Beginning with the line that contains "En los costados" and ending with the line that contains "Clearance juniors Leopard", reproduce the lines of the entries below exactly, omitting pictures.

(RECORDED DATA)

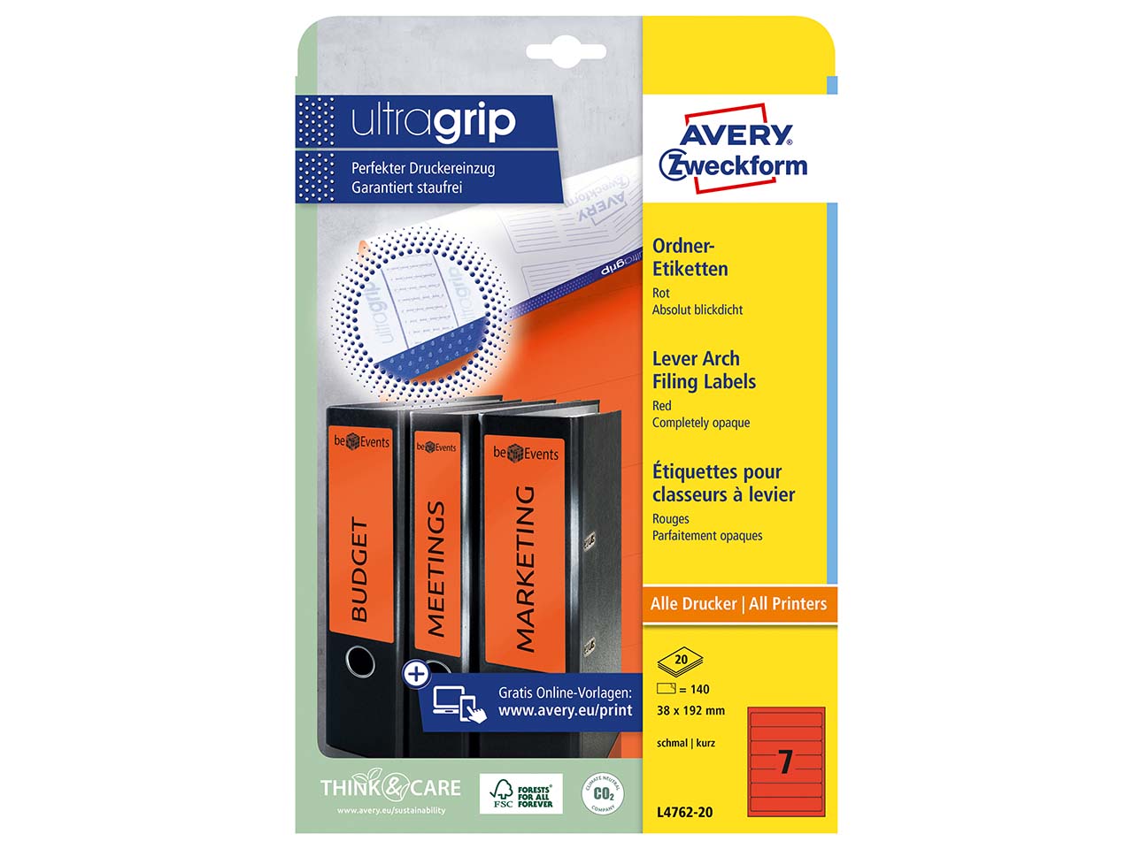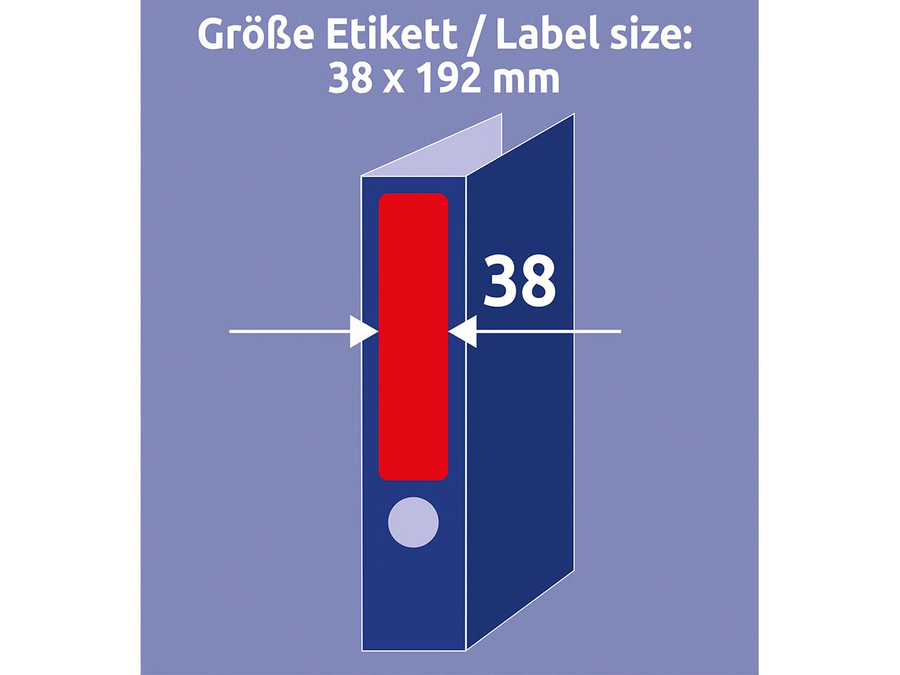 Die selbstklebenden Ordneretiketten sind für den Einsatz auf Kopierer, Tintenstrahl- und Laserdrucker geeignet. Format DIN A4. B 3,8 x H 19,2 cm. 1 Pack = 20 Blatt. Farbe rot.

(End RECORDED DATA)
(RECORDED DATA)

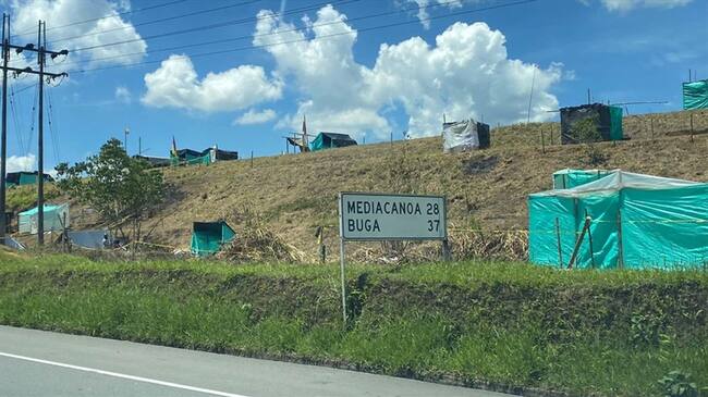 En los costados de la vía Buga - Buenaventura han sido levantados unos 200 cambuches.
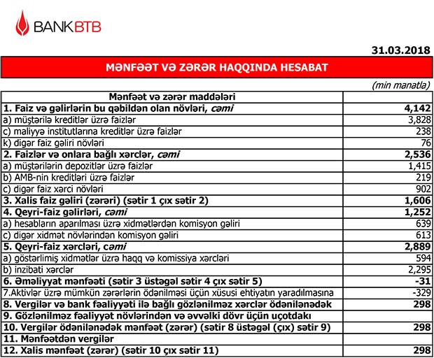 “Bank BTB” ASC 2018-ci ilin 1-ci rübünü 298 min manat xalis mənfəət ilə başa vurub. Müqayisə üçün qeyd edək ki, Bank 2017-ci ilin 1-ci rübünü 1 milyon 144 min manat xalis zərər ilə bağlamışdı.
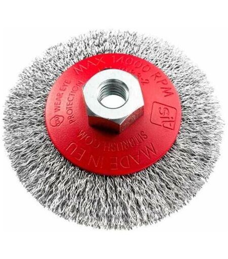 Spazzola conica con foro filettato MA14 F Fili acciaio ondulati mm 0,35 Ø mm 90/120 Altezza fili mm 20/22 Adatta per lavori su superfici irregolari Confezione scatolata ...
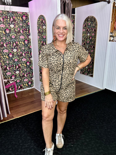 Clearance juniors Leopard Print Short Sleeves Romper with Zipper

(End RECORDED DATA)

▸ TASK RESULT
 En los costados de la vía Buga - Buenaventura han sido levantados unos 200 cambuches.
 “Bank BTB” ASC 2018-ci ilin 1-ci rübünü 298 min manat xalis mənfəət ilə başa vurub. Müqayisə üçün qeyd edək ki, Bank 2017-ci ilin 1-ci rübünü 1 milyon 144 min manat xalis zərər ilə bağlamışdı.
 Spazzola conica con foro filettato MA14 F Fili acciaio ondulati mm 0,35 Ø mm 90/120 Altezza fili mm 20/22 Adatta per lavori su superfici irregolari Confezione scatolata ...
 Clearance juniors Leopard Print Short Sleeves Romper with Zipper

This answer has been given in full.